We have $S^1\times(\mathbb R/(2\pi))/{\sim}$ where $(\hat u,c)\sim(-\hat u,-c)$
 
So it has to be the Klein bottle.
 
I believe so, yeah
These functions, visually, are monodirectional waves
(is that a term?)
 
Two-sheeted cover with orientation-reversing deck transformation.
 
The space of monodirectional waves is a Klein bottle
or unidirectional
(unidirectional is when they go to college)
That's a point: the difference between mono and uni is that you can get mono at uni but not the reverse
 
12:28 AM
Blah.
 
"Monodirectional waves" does not make sense to me.
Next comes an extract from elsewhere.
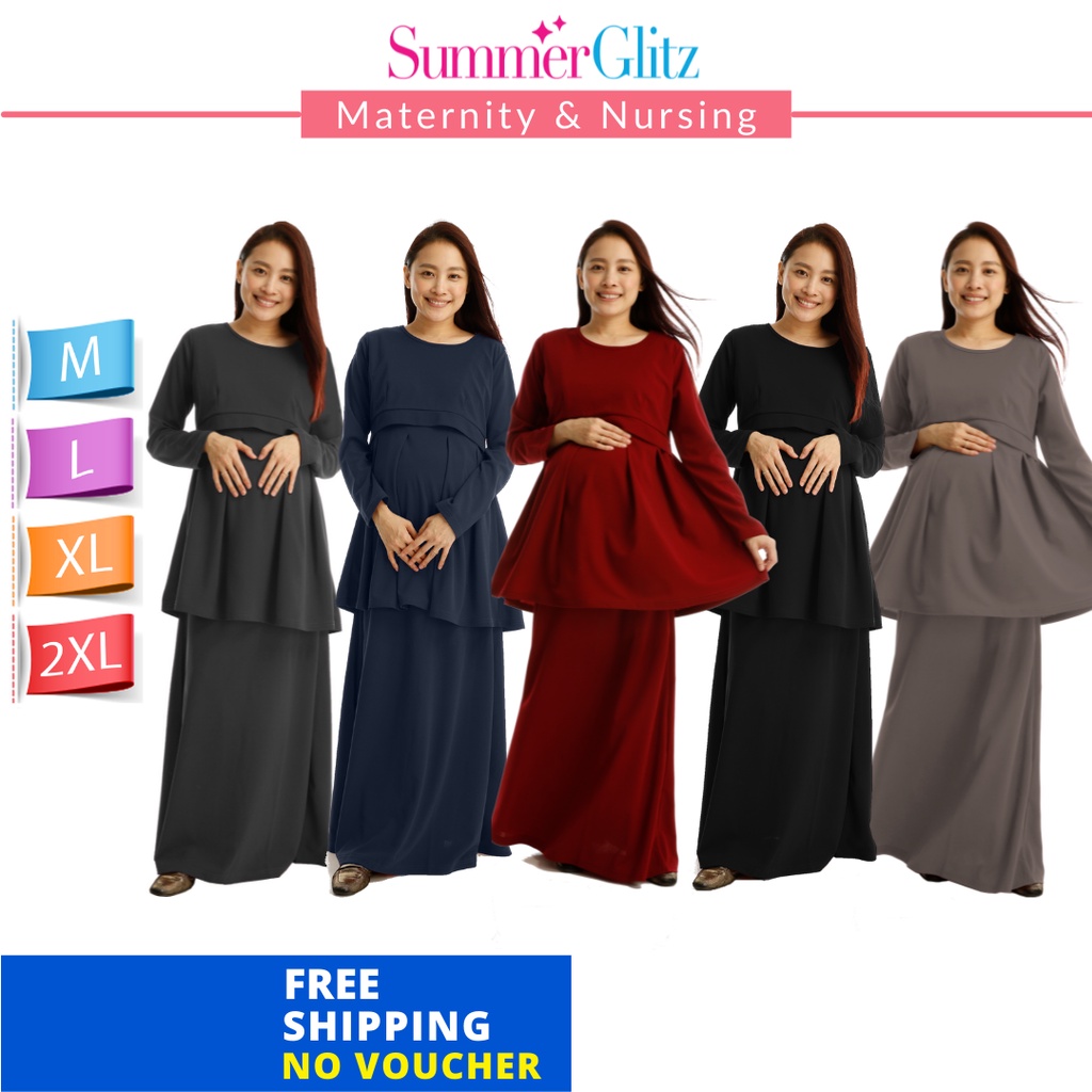 Furby Moms Amanda Maternity Nursing Kurung Baju Mengandung Muslimah Plain Shopee Malaysia

If I saw that name I would be confused.
Anyway I agree that S^1 x S^1 quotiented by an orientation reversing free involution is necessarily a Klein bottle.
 
I don't know how else to describe the shape
It's the graph of $z=\cos x$ rotated and shifted
Uh... a corrugated sheet
The space of corrugated sheets is a Klein bottle
 
Sure.
 
The reason I was thinking about this:
Grant Sanderson just tweeted:
> Treated as a topological space, ordered pairs of points on a loop are isomorphic to a torus, and unordered pairs are isomorphic to a Mobius strip.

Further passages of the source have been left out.